The following lines of comma-separated values contains several consecutive empty fields: $rawData = "2008-02-06,8:00 AM,14.0,6.0,59,1027,-9999.0,West,6.9,-,N/A,,Clear\n 2008-02-06,9:00 AM,16,6,40,1028,12,WNW,10.4,,,,\n" I want to replace these empty fields with 'N/A' values, which is why I decided to do it via a regex substitution. I tried this first of all: $rawdata =~ s/,([,\n])/,N\/A/g; # RELABEL UNAVAILABLE DATA AS 'N/A' which returned 2008-02-06,8:00 AM,14.0,6.0,59,1027,-9999.0,West,6.9,-,N/A,N/A,Clear\n 2008-02-06,9:00 AM,16,6,40,1028,12,WNW,10.4,N/A,,N/A,\n Not what I wanted. The problem occurs when more than two consecutive commas occur. The regex gobbles up two commas at a time, so it starts at the third comma rather than the second when it rescans the string. I thought this could be something to do with lookahead vs. lookback assertions, so I tried the following regex out: $rawdata =~ s/(?<=,)([,\n])|,([,\n])$/,N\/A$1/g; # RELABEL UNAVAILABLE DATA AS 'N/A' which resulted in: 2008-02-06,8:00 AM,14.0,6.0,59,1027,-9999.0,West,6.9,-,N/A,,N/A,Clear\n 2008-02-06,9:00 AM,16,6,40,1028,12,WNW,10.4,,N/A,,N/A,,N/A,,N/A\n That didn't work either. It just shifted the comma-pairings by one. I know that washing this string through the same regex twice will do it, but that seems crude. Surely, there must be a way to get a single regex substitution to do the job. Any suggestions?

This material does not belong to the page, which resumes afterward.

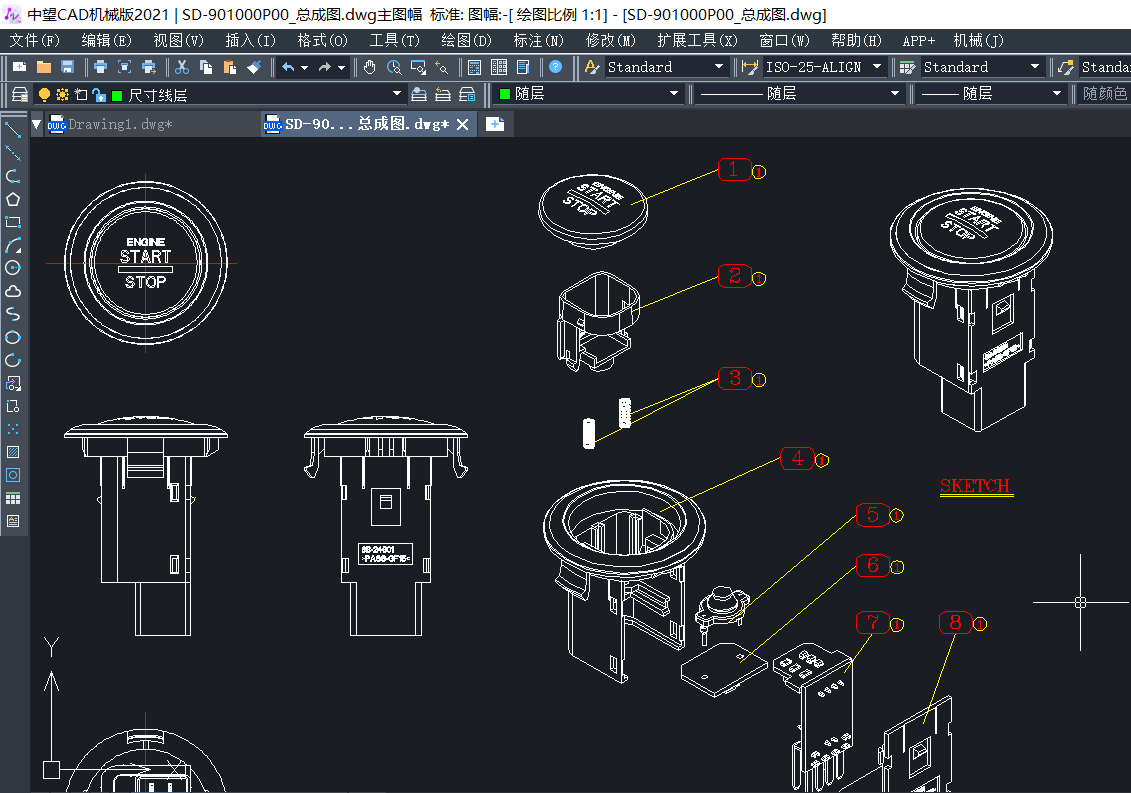作为一款成熟的国产CAD软件,中望CAD在汽车零部件行业得到广泛应用,帮助工程师提高工作效率。下面,我们以启动开关这一零件为例,具体了解和学习如何借助中望CAD软件快速绘制出符合生产车间要求的工程图纸(如下图所示)。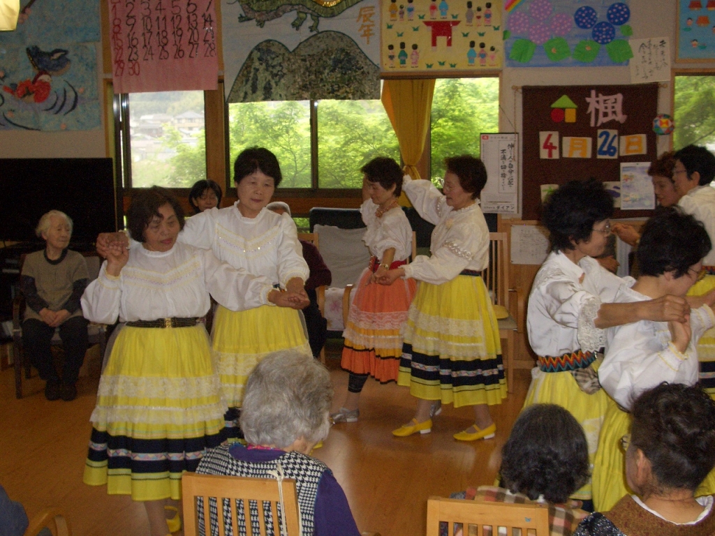 今日は、宇野婦人会のフォークダンス部の方々が、楓にフォークダンスを披露しに来てくださいました。

The final string should look like this: 2008-02-06,8:00 AM,14.0,6.0,59,1027,-9999.0,West,6.9,-,N/A,N/A,N/A,Clear\n 2008-02-06,9:00 AM,16,6,40,1028,12,WNW,10.4,,N/A,,N/A,N/A,N/A,N/A,N/A\n
EDIT: Note that you could open a filehandle to the data string and let readline deal with line endings: #!/usr/bin/perl use strict; use warnings; use autodie; my $str = <<EO_DATA; 2008-02-06,8:00 AM,14.0,6.0,59,1027,-9999.0,West,6.9,-,N/A,,Clear 2008-02-06,9:00 AM,16,6,40,1028,12,WNW,10.4,,,, EO_DATA open my $str_h, '<', \$str; while(my $row = <$str_h>) { chomp $row; print join(',', map { length $_ ? $_ : 'N/A'} split /,/, $row, -1 ), "\n"; } Output: E:\Home> t.pl 2008-02-06,8:00 AM,14.0,6.0,59,1027,-9999.0,West,6.9,-,N/A,N/A,Clear 2008-02-06,9:00 AM,16,6,40,1028,12,WNW,10.4,N/A,N/A,N/A,N/A You can also use: pos $str -= 1 while $str =~ s{,(,|\n)}{,N/A$1}g; Explanation: When s/// finds a ,, and replaces it with ,N/A, it has already moved to the character after the last comma. So, it will miss some consecutive commas if you only use $str =~ s{,(,|\n)}{,N/A$1}g; Therefore, I used a loop to move pos $str back by a character after each successful substitution. Now, as #ysth shows: $str =~ s!,(?=[,\n])!,N/A!g; would make the while unnecessary.
I couldn't quite make out what you were trying to do in your lookbehind example, but I suspect you are suffering from a precedence error there, and that everything after the lookbehind should be enclosed in a (?: ... ) so the | doesn't avoid doing the lookbehind. Starting from scratch, what you are trying to do sounds pretty simple: place N/A after a comma if it is followed by another comma or a newline: s!,(?=[,\n])!,N/A!g; Example: my $rawData = "2008-02-06,8:00 AM,14.0,6.0,59,1027,-9999.0,West,6.9,-,N/A,,Clear\n2008-02-06,9:00 AM,16,6,40,1028,12,WNW,10.4,,,,\n"; use Data::Dumper; $Data::Dumper::Useqq = $Data::Dumper::Terse = 1; print Dumper($rawData); $rawData =~ s!,(?=[,\n])!,N/A!g; print Dumper($rawData); Output: "2008-02-06,8:00 AM,14.0,6.0,59,1027,-9999.0,West,6.9,-,N/A,,Clear\n2008-02-06,9:00 AM,16,6,40,1028,12,WNW,10.4,,,,\n" "2008-02-06,8:00 AM,14.0,6.0,59,1027,-9999.0,West,6.9,-,N/A,N/A,Clear\n2008-02-06,9:00 AM,16,6,40,1028,12,WNW,10.4,N/A,N/A,N/A,N/A\n"
You could search for (?<=,)(?=,|$) and replace that with N/A. This regex matches the (empty) space between two commas or between a comma and end of line.
The quick and dirty hack version: my $rawData = "2008-02-06,8:00 AM,14.0,6.0,59,1027,-9999.0,West,6.9,-,N/A,,Clear 2008-02-06,9:00 AM,16,6,40,1028,12,WNW,10.4,,,,\n"; while ($rawData =~ s/,,/,N\/A,/g) {}; print $rawData; Not the fastest code, but the shortest. It should loop through at max twice.
Not a regex, but not too complicated either: $string = join ",", map{$_ eq "" ? "N/A" : $_} split (/,/, $string,-1); The ,-1 is needed at the end to force split to include any empty fields at the end of the string.